A Metabolic-Epigenetic Mechanism Directs Cell Fate and Therapeutic Sensitivity in Breast Cancer

Matthew J Bernard  1 Andrew S Goldstein  1   2   3   4   5
Affiliations

A Metabolic-Epigenetic Mechanism Directs Cell Fate and Therapeutic Sensitivity in Breast Cancer

Matthew J Bernard et al. Cancer Res. .

Abstract

Over the past decade, studies have increasingly shed light on a reciprocal relationship between cellular metabolism and cell fate, meaning that a cell's lineage both drives and is governed by its specific metabolic features. A recent study by Zhang and colleagues, published in Cell Metabolism, describes a novel metabolic-epigenetic regulatory axis that governs lineage identity in triple-negative breast cancer (TNBC).
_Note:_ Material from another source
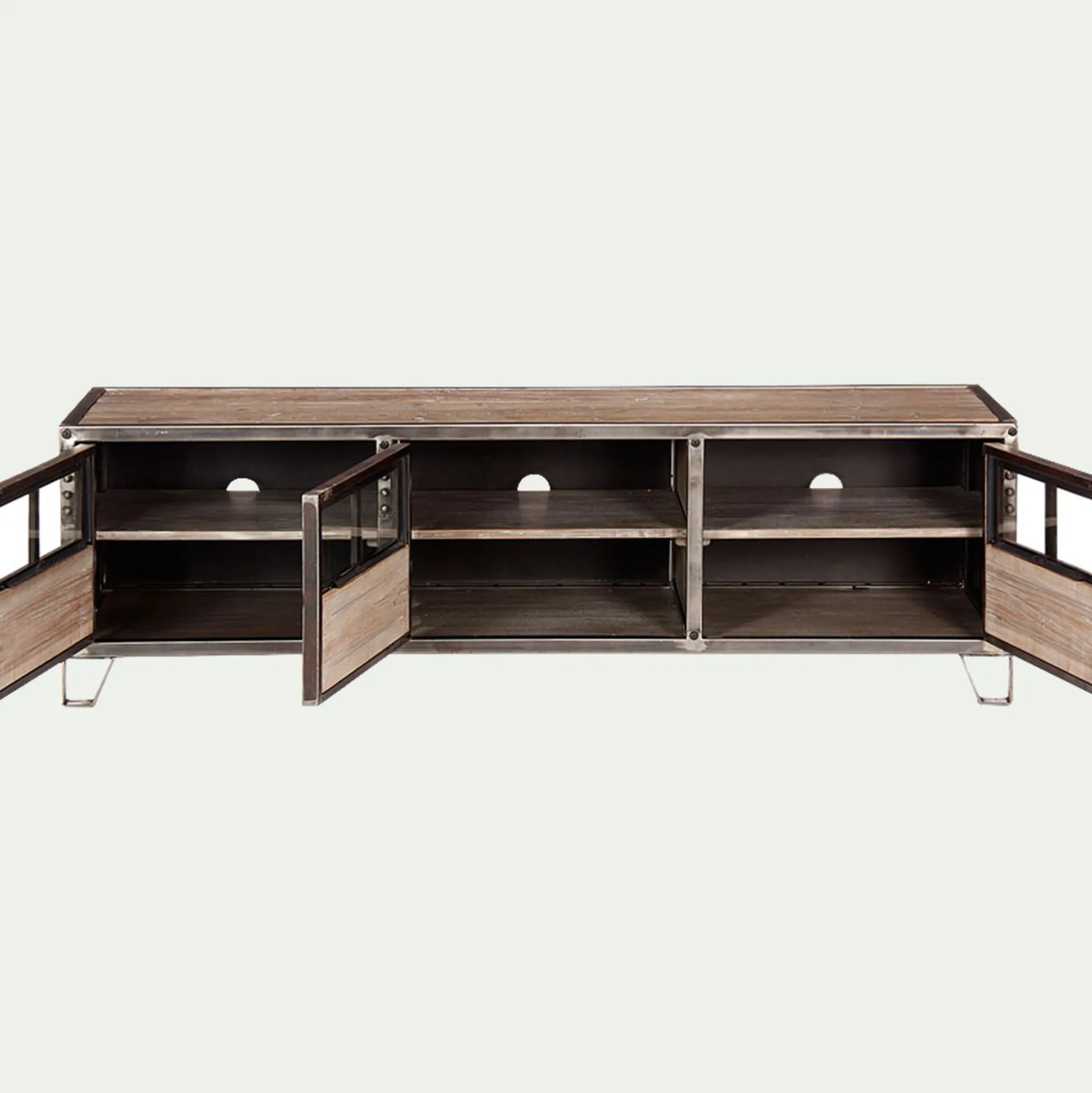 Cette collection de meubles, au style industriel très tendance, donnera du cachet à votre intérieur. Vous apprécierez le mélange de matières de ce beau meuble TV avec 3 portes en pin, acier et verre. Ses compartiments pourront accueillir votre box ADSL, vos consoles des jeux ou tout autres objets de décoration. Il donnera du cachet à votre salon et s’accordera parfaitement avec le reste de vos meubles.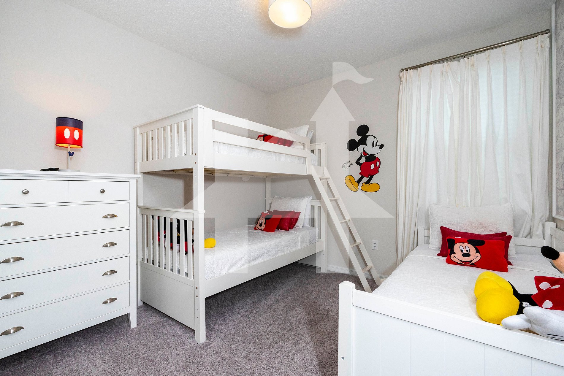 • Bedroom #3: Mickey-themed – 1 bunk (Twin/Twin), 1 twin, 1 trundle

Among the key findings, the authors demonstrate that the metabolic enzyme pyruvate kinase M2 (PKM2) directly binds to the histone methyltransferase enhancer of zeste homolog 2 (EZH2) in the nucleus to silence expression of a set of genes that includes the mitochondrial carnitine transporter SLC16A9. Perturbation of this metabolic-epigenetic regulatory mechanism induces a metabolic shift away from glycolysis and toward fatty acid oxidation. The ensuing influx of carnitine facilitates the deposition of the activating epigenetic mark H3K27Ac onto the promoter of GATA3, driving a committed luminal lineage state. Importantly, this metabolic-epigenetic axis represents a potentially targetable vulnerability for the treatment of TNBC, a subtype that currently lacks effective therapeutic strategies. These findings lend further support for the paradigm shift underlying our understanding of cancer metabolism: that a cellular fuel source functions not only to provide energy but also to direct the epigenetic regulation of cell fate.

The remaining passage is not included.